Task prompt: After finding the line containing "The concept of" below, please output that line and each following one through the line containing "- Placental anomalies, such", exactly as written.

Data provided:
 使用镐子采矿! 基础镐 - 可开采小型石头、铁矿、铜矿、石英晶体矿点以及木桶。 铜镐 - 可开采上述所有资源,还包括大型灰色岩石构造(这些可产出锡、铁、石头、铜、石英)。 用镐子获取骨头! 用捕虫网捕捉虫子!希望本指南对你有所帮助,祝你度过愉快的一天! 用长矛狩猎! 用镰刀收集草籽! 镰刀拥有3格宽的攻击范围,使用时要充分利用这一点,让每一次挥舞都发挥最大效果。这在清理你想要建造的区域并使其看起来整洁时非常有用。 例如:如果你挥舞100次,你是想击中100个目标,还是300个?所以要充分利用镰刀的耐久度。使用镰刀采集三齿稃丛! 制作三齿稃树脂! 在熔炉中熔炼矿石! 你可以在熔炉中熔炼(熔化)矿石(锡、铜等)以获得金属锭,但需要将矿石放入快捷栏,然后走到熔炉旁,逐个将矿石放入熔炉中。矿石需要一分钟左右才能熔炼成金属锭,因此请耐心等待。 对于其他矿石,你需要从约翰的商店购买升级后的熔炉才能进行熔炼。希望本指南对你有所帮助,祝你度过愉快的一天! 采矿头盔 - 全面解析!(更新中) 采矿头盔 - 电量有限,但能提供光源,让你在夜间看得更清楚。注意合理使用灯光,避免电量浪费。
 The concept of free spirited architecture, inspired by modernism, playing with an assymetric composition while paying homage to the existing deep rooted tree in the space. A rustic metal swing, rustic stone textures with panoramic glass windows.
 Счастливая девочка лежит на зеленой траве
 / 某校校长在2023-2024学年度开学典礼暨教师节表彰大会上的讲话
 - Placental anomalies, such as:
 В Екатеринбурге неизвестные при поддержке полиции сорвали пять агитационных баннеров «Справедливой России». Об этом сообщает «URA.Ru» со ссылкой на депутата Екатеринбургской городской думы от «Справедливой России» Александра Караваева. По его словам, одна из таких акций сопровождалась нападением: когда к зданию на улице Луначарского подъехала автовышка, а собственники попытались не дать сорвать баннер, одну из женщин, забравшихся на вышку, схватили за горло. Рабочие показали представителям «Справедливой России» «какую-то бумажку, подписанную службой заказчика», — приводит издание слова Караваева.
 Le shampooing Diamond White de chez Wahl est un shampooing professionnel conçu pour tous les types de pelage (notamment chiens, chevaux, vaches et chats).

Task result:
 The concept of free spirited architecture, inspired by modernism, playing with an assymetric composition while paying homage to the existing deep rooted tree in the space. A rustic metal swing, rustic stone textures with panoramic glass windows.
 Счастливая девочка лежит на зеленой траве
 / 某校校长在2023-2024学年度开学典礼暨教师节表彰大会上的讲话
 - Placental anomalies, such as:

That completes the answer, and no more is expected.